- Genre: Comedy drama
- Created by: Kay Mellor
- Written by: Kay Mellor
- Country of origin: United Kingdom
- Original language: English
- No. of series: 1
- No. of episodes: 6

Production
- Executive producer: Kay Mellor

Original release
- Network: ITV
- Release: 16 November – 21 December 2006

= Strictly Confidential (TV series) =

Strictly Confidential is a six-part drama, written by Kay Mellor and originally shown on ITV from 16 November to 21 December 2006.

==Plot==
It stars Suranne Jones as Linda, a "3 on the Kinsey Scale" bisexual ex police officer turned sex therapist, who shares a practice in Leeds with her brother-in-law, played by Tristan Gemmill. Her life is complicated by the fact that her husband Richard, her business partner's brother, played by Cristian Solimeno, has low fertility and cannot give her the baby she wants. She is all for asking his brother (her business partner) to be a sperm donor, which does not sit well with his wife (Kate Isitt). Linda's husband (Richard) is also not keen on the idea at all but lets Linda go ahead and ask his brother who consents to be a sperm donor. Sexual tension becomes obvious between the pair, and they soon begin sleeping together, with disastrous consequences for all involved.

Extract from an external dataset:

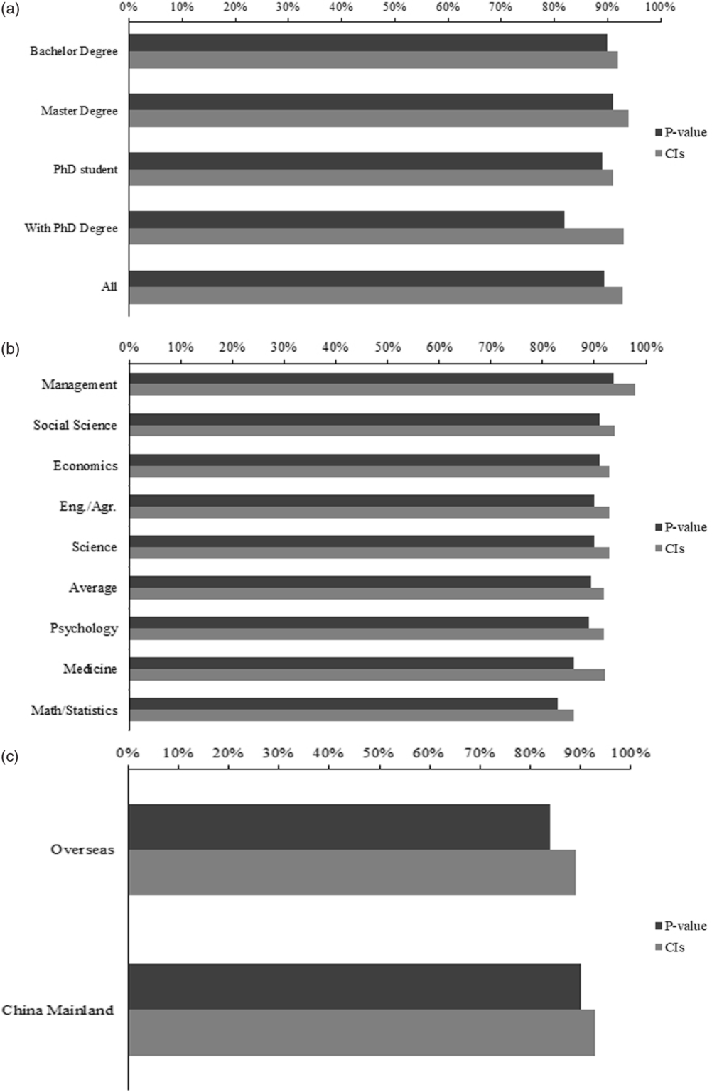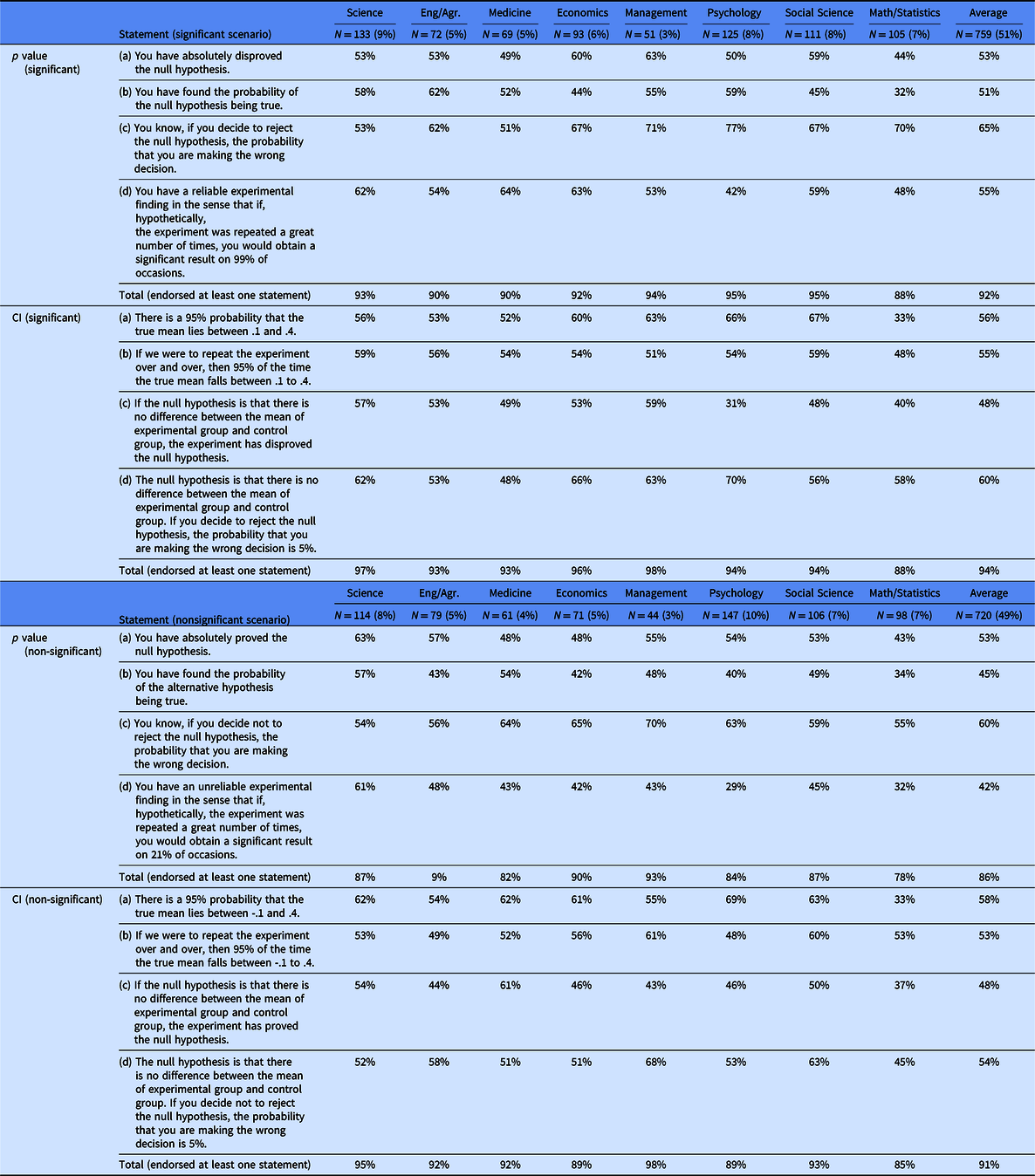 In this survey, we adopt four questions from previous studies (Gigerenzer, 2004; Haller & Krauss, 2002; Hoekstra et al., 2014) for p values and CIs. These questions were used in

Further complications occur with Linda's involvement as a CID consultant in a bizarre spate of murders that centre on erotic asphyxiation and could be linked back to her practice. The murder enquiry is led by Linda's former lover from her police days named Angie, played by Eva Pope. However, Linda is suspicious of the second 'murder' and of Angie, as it all seems a bit too convenient.